» **EXTRACTED RECORDS**
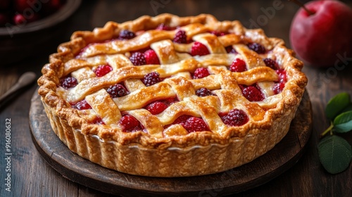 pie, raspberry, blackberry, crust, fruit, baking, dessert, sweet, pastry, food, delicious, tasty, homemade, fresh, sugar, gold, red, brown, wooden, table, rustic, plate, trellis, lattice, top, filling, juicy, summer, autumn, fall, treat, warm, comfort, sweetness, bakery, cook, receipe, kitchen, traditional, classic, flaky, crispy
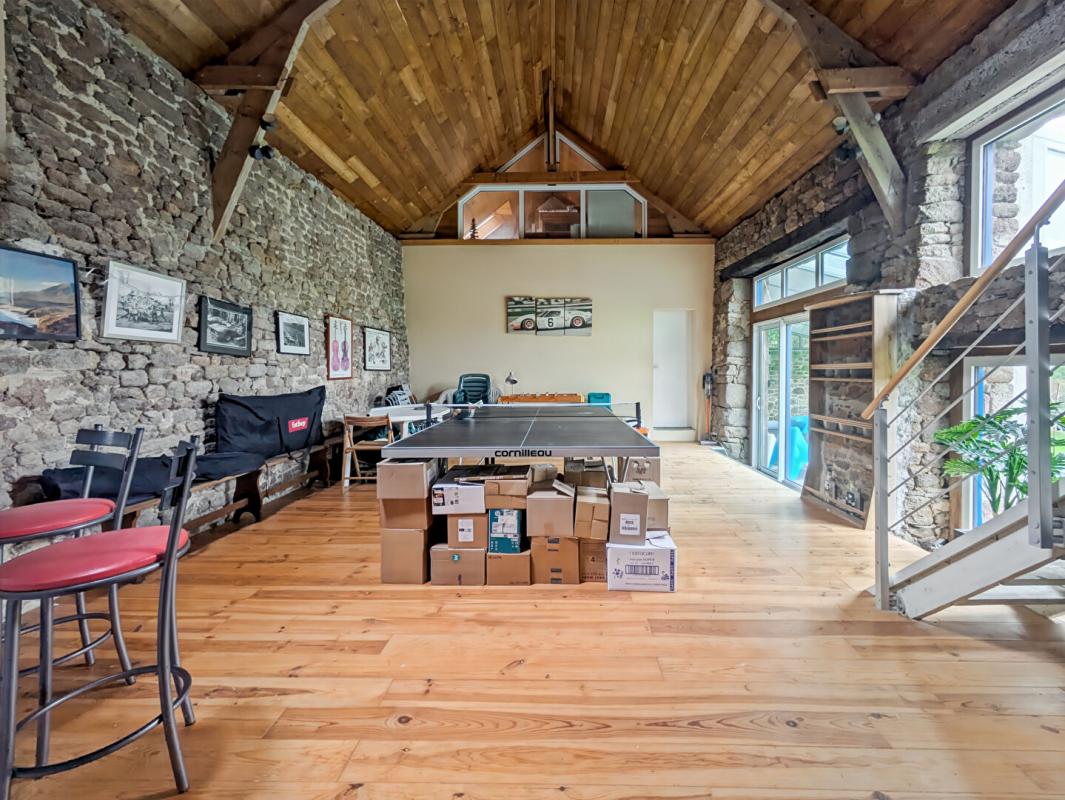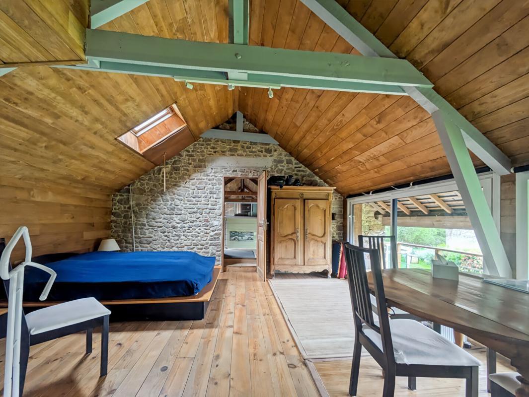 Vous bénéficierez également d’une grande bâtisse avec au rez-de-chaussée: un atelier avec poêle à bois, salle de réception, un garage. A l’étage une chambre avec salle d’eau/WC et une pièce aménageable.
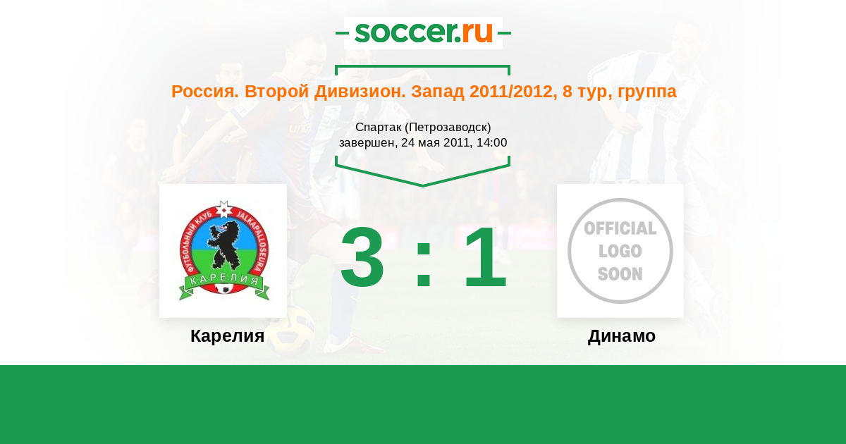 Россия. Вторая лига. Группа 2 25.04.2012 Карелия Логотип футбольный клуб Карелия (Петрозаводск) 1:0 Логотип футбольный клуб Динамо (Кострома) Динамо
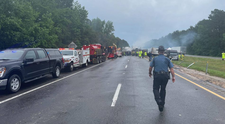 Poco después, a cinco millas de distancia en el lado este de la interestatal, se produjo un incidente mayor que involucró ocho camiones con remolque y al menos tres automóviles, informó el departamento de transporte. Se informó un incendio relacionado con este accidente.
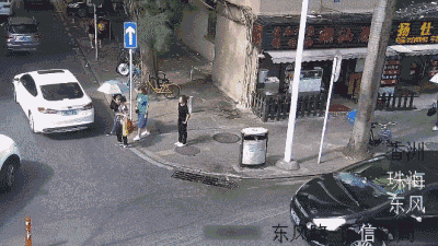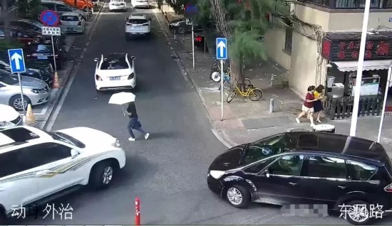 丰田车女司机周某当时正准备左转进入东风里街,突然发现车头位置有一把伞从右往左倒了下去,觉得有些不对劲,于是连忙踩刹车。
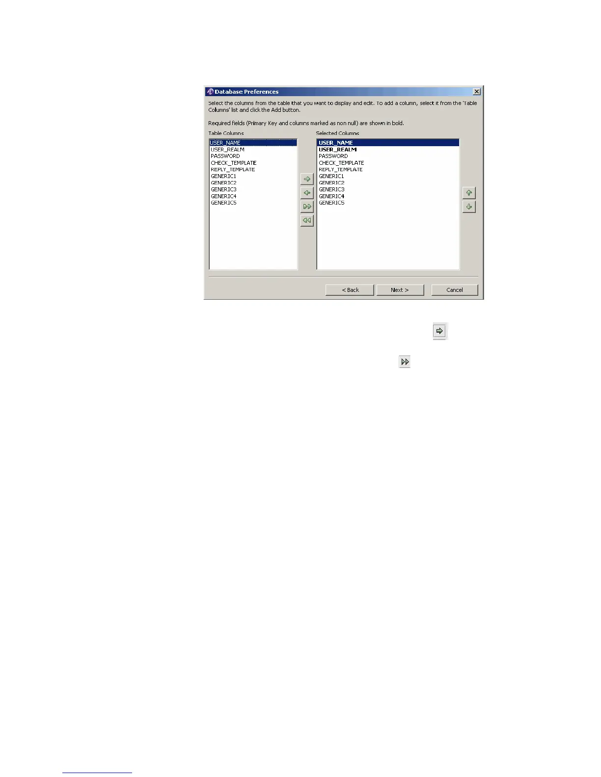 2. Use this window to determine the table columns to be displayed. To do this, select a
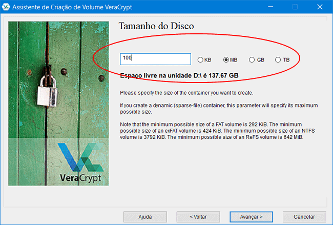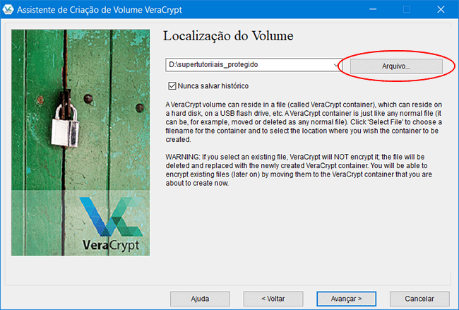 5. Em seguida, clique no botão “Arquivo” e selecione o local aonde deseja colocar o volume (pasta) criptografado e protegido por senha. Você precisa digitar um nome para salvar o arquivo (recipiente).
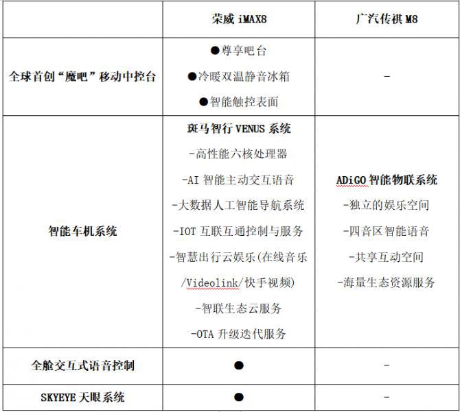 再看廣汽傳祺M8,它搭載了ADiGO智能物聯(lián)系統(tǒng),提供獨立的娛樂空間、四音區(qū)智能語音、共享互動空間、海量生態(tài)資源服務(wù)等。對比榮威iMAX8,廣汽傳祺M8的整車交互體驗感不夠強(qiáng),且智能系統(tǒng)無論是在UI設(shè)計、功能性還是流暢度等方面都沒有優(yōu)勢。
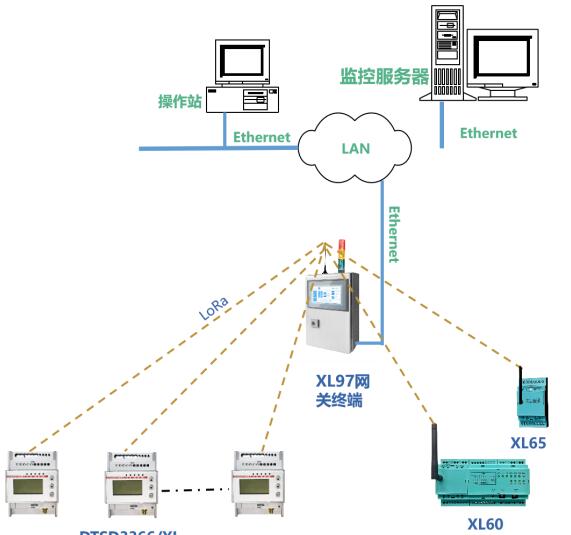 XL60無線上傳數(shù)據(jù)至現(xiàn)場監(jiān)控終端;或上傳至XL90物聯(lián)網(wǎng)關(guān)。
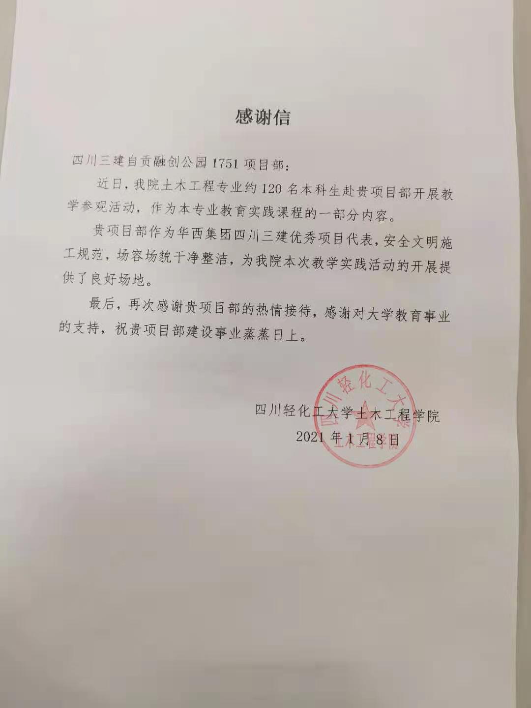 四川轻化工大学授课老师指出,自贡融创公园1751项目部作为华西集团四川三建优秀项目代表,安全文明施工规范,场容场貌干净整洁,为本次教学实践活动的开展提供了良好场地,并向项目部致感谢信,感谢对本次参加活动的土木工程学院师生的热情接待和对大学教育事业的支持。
==
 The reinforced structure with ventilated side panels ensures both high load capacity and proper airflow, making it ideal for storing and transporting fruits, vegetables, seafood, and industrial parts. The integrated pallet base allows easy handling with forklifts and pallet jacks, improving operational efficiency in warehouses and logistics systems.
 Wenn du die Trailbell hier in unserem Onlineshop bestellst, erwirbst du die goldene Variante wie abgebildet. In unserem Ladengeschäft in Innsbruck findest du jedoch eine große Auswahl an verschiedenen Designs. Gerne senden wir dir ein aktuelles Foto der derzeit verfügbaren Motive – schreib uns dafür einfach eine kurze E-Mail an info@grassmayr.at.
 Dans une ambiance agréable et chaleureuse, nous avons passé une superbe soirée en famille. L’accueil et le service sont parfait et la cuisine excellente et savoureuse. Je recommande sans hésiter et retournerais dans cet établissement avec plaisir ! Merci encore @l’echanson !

» **EXERCISE INSTRUCTIONS**
Reproduce the data above exactly, but only from the line containing "Vous bénéficierez également" through the line containing "四川轻化工大学授课老师指出,自贡融创公园"; skip the pictures.

» **WORKED SOLUTION**
 Vous bénéficierez également d’une grande bâtisse avec au rez-de-chaussée: un atelier avec poêle à bois, salle de réception, un garage. A l’étage une chambre avec salle d’eau/WC et une pièce aménageable.
 Россия. Вторая лига. Группа 2 25.04.2012 Карелия Логотип футбольный клуб Карелия (Петрозаводск) 1:0 Логотип футбольный клуб Динамо (Кострома) Динамо
 Poco después, a cinco millas de distancia en el lado este de la interestatal, se produjo un incidente mayor que involucró ocho camiones con remolque y al menos tres automóviles, informó el departamento de transporte. Se informó un incendio relacionado con este accidente.
 丰田车女司机周某当时正准备左转进入东风里街,突然发现车头位置有一把伞从右往左倒了下去,觉得有些不对劲,于是连忙踩刹车。
 2. Use this window to determine the table columns to be displayed. To do this, select a
 5. Em seguida, clique no botão “Arquivo” e selecione o local aonde deseja colocar o volume (pasta) criptografado e protegido por senha. Você precisa digitar um nome para salvar o arquivo (recipiente).
 再看廣汽傳祺M8,它搭載了ADiGO智能物聯(lián)系統(tǒng),提供獨立的娛樂空間、四音區(qū)智能語音、共享互動空間、海量生態(tài)資源服務(wù)等。對比榮威iMAX8,廣汽傳祺M8的整車交互體驗感不夠強(qiáng),且智能系統(tǒng)無論是在UI設(shè)計、功能性還是流暢度等方面都沒有優(yōu)勢。
 XL60無線上傳數(shù)據(jù)至現(xiàn)場監(jiān)控終端;或上傳至XL90物聯(lián)網(wǎng)關(guān)。
 四川轻化工大学授课老师指出,自贡融创公园1751项目部作为华西集团四川三建优秀项目代表,安全文明施工规范,场容场貌干净整洁,为本次教学实践活动的开展提供了良好场地,并向项目部致感谢信,感谢对本次参加活动的土木工程学院师生的热情接待和对大学教育事业的支持。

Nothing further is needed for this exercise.